Testable predictions:

1. Germ-free or antibiotic-treated aged mice will show reduced brain (hippocampal, subventricular zone) and enteric nervous system CDKN2A expression compared to conventionally aged mice, which will be restored by butyrate supplementation but not by non-HDAC inhibitory short-chain fatty acids like propionate.
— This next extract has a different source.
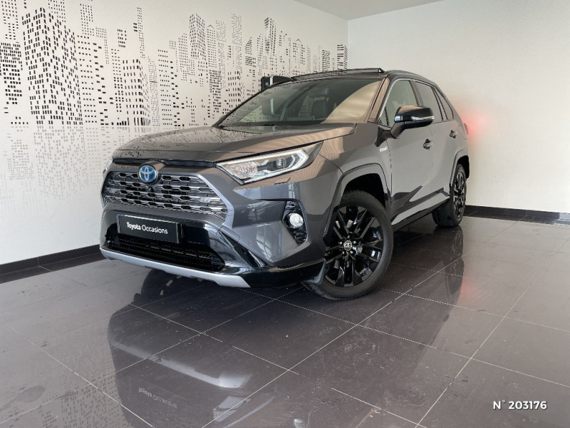 Indicateur de perte de pression des pneus / Jantes en alliage 19" Mojave Noir / Kit de réparation anti-crevaison / Kit de sécurité / Optiques AV et AR à LED / Optiques AV full-LED Premium / Optiques AV LED avec signature lumineuse Premium / Peinture bi-ton Blanc Nacré/Noir Attitude / Plancher de coffre réversible avec revers imperméable / Poignées de portes extérieures couleur carroserie / Porte-gobelets rétroéclairés / Protections de soubassement AV et AR grises / Rétroviseur intérieur électrochromatique / Rétroviseurs extérieurs couleur carrosserie / Rétroviseurs extérieurs électriques, dégivrants et rabattables électriquement avec rappel de clignotants / Sélection mode de conduite : ECO, NORMAL, SPORT, EV / Sellerie en cuir Alcantara noir avec embossage "RAV4" / Volant multifonction 3 branches, réglable manuellement en hauteur et profondeur / 7 Airbags (frontaux et latéraux pour conducteur et passager AV, rideaux AV et AR et protège-genoux conducteur) / 9 HP / Volant et levier de vitesse gainés cuir / Vitres électriques AV et AR à fonction anti-pincement avec descente et remontée à impulsion / Séparateur de coffre / Seuils des portes aluminium siglés RAV4 / Siège conducteur à réglage lombaire électrique / Système anti-démarrage avec fonction double verrouillage / Système audio Toyota Touch avec écran couleur tactile 8" multifonction, connectique auxiliaire/USB et radio digitale (DAB) / Système audio Toyota Touch avec écran couleur tactile 8" multifonction, lecteur CD, système de téléphonie Bluetooth, connectique auxiliaire/USB, 6 haut-parleurs et antenne DAB. / Système AVAS (Acoustic Vehicle Alerting System) / Accoudoir central AV avec compartiment de rangement rétroéclairé / Alerte d¿oubli de ceinture et de lumière / Antenne de toit type requin / Appuis-tête AV réglables en hauteur et en inclinaison réglables / "ATTENTION" - Equipements non communiqués / Avertisseur de circulation AR avec freinage d¿urgence automatique (PKSB) / Badge AWD-i sur hayon / Barres de toit longitudinales / Cache-bagages / Accoudoir central AV avec compartiment de rangement / Carrosserie bi-ton avec toit et piliers peints en Noir Attitude / Ciel de pavillon noir / Clé sécurisée contre les attaques par relais / Coffre à ouverture et fermeture électriques / Combiné d'instrumentation avec écran couleur TFT 8" / Commande de blocage de différentiel "Trail" / Contreportes en cuir synthétique / Crochets porte-manteaux x2 / Double sortie d'echappement ovale / Ecrous antivol / Système d'appel d'urgence automatique "E-Call" / Système de connectivité smartphone Apple CarPlay / Android Auto / Système de téléphone Bluetooth / Système d'ouverture/fermeture des portes et démarrage sans clé "Smart Entry & Start" / Système intelligent de plancher plat Toyota Easy Flat System / Systèmes de contrôle de motricité (TRC) et de stabilité (TSC) / Systèmes de freinage antiblocage (ABS) et d'amplification de freinage d'urgence (BA) + EBD / Tapis de sol RAV4 Hybrid en velours, AV et AR / Toyota Safety Sense Système de sécurité précollision avec détection des piétons, Alerte de franchissement de ligne et détecteur de fatigue, gestion automatique des feux de route, lecture des panneaux de signalisation, régulateur de vitesse adaptatif. / Toyota Touch & Go : système de navigation à écran tactile 8" avec info trafic et cartographie européenne / Eléments de carrosserie de couleur Noir Laqué / Espace de rangement latéral dans le coffre / Essuie-glaces AV avec détecteur de pluie / Fermeture centralisée avec commande à distance et verrouillage des ouvrants en roulant / Feux clignotants à halogène / Feux stop à halogène / Filet coffre / Frein de stationnement électrique / Grille de calandre couleur acier

2. In human cohort studies, low circulating butyrate levels (or low fecal butyrate producer abundance) will correlate more strongly with blood CDKN2A methylation/expression and cognitive metrics than with peripheral senescence markers like p21.
3. Direct chromatin immunoprecipitation (ChIP-seq) on hippocampal tissue from young vs. old, butyrate-supplemented vs. control mice will show a specific reduction in H3K4me3 and HDAC occupancy at the CDKN2A locus in the supplemented group, without a global decrease in activating marks.

This model positions the aging microbiome as a master regulator of a key senescence locus, transforming a correlational gut-brain axis into a tractable, epigenetically defined signaling pathway.